- Known for: Research on auctions, demand estimation, differentiated products

Academic background
- Alma mater: Duke University (A.B.), Northwestern University (Ph.D.)

Academic work
- Institutions: Yale University

= Philip A. Haile =

American economist and professor of economics at Yale University

Philip A. Haile is an economist and the Ford Foundation Professor of Economics at Yale University.

==Education==
Haile received his undergraduate degree in economics from Duke University in 1988 and Ph.D. in economics from Northwestern University in 1996.

==Career==
Haile began his academic career with a faculty position at the University of Wisconsin-Madison before taking up a faculty position at Yale University in 2003. He has also been visiting faculty member in the economics departments of University of Chicago and Stanford University. He is now the Ford Foundation Professor of Economics at Yale. He is best known for his work on auction markets and differentiated products markets, often focusing on questions of "identification", i.e., conditions under which model primitives can be uniquely determined from market observables.

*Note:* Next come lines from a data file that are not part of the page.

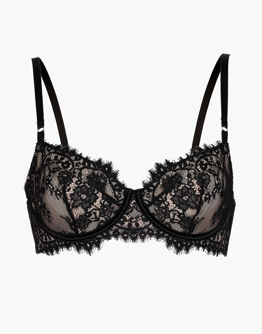 Scopri il reggiseno balconcino con ferretto della serie Le Studio, realizzato in raffinato pizzo nero. Le coppe con cucitura verticale valorizzano il décolleté, mentre il piccolo anello dorato all’apice aggiunge un dettaglio luminoso e ricercato.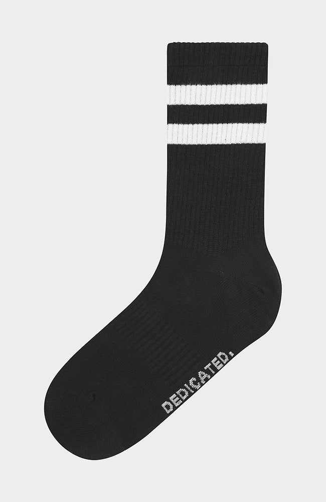 Deze retro sportsokken van het Zweedse merk Dedicated zijn gemaakt van biologisch katoen en hebben een zwarte ondergrond met twee witte strepen. De sokken hebben een geribde boord voor goede pasvorm, verstevigde teen en hiel voor extra comfort en een hoog model (crew length).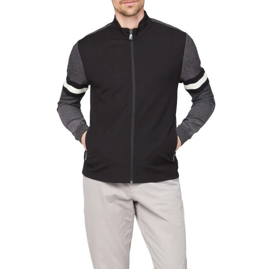Armlet bomber jacket from Jeff Banks. Crafted from a lightweight fabric, this jacket features a three-stripe design at the sleeve in ribbed fabric and a contrasting knitted back and sleeves, with a full-front zip and side pockets. Wear over chinos and a t-shirt – adding interest to any wardrobe, encompassing both sartorial style and superb comfort.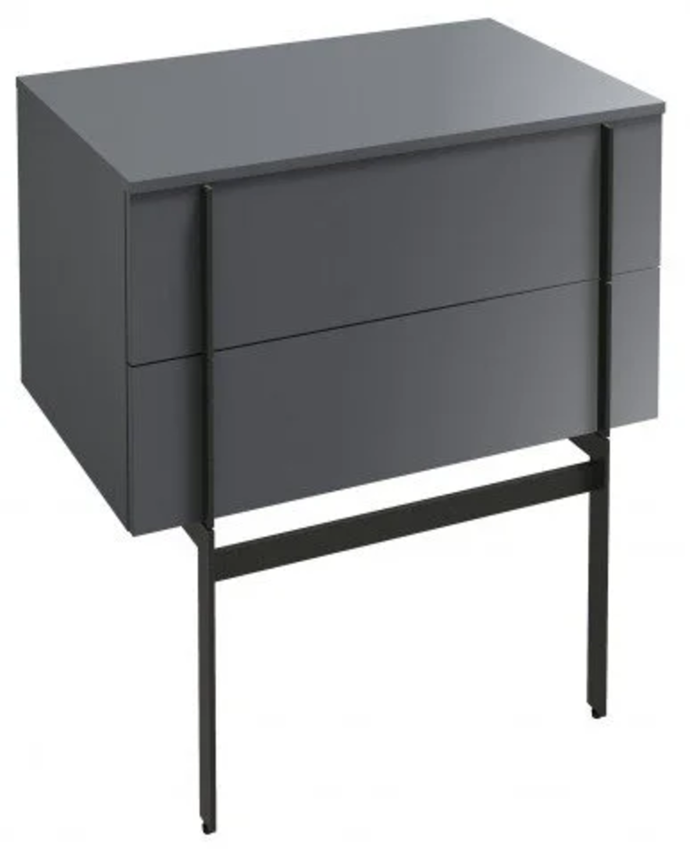 Тумба (ШxГxВ): 80х51.2х46.8 см Монтаж: подвесной Выдвижные ящики: 2 Ящики с механизмом плавного закрывания Материал: МДФ, ЛДСП Покрытие: лак Цвет: серый (M53 – серый антрацит матовый) Ножки к комоду приобретаются отдельно!

In 2002, Haile and fellow economist Susan Athey developed approaches for identification of auction models when only the transaction price and number of bidders are observed. His research has been supported by grants from the National Science Foundation and the Alfred P. Sloan Foundation.

From 2004 to 2010 he was the editor of the RAND Journal of Economics, and between 2005 and 2011 he was the Director of the Cowles Foundation for Research in Economics at Yale. As an associate editor he has also held positions at the Econometrica, the American Economic Journal of Microeconomics, and the Econometrics Journal. He is a Research Associate of the National Bureau of Economic Research, a Fellow of the Econometric Society, an International Fellow with the Centre for Microdata Methods and Practice at University College-London, and a Senior Consultant at Compass Lexecon. In 2019 he became an elected Fellow of the International Association for Applied Econometrics.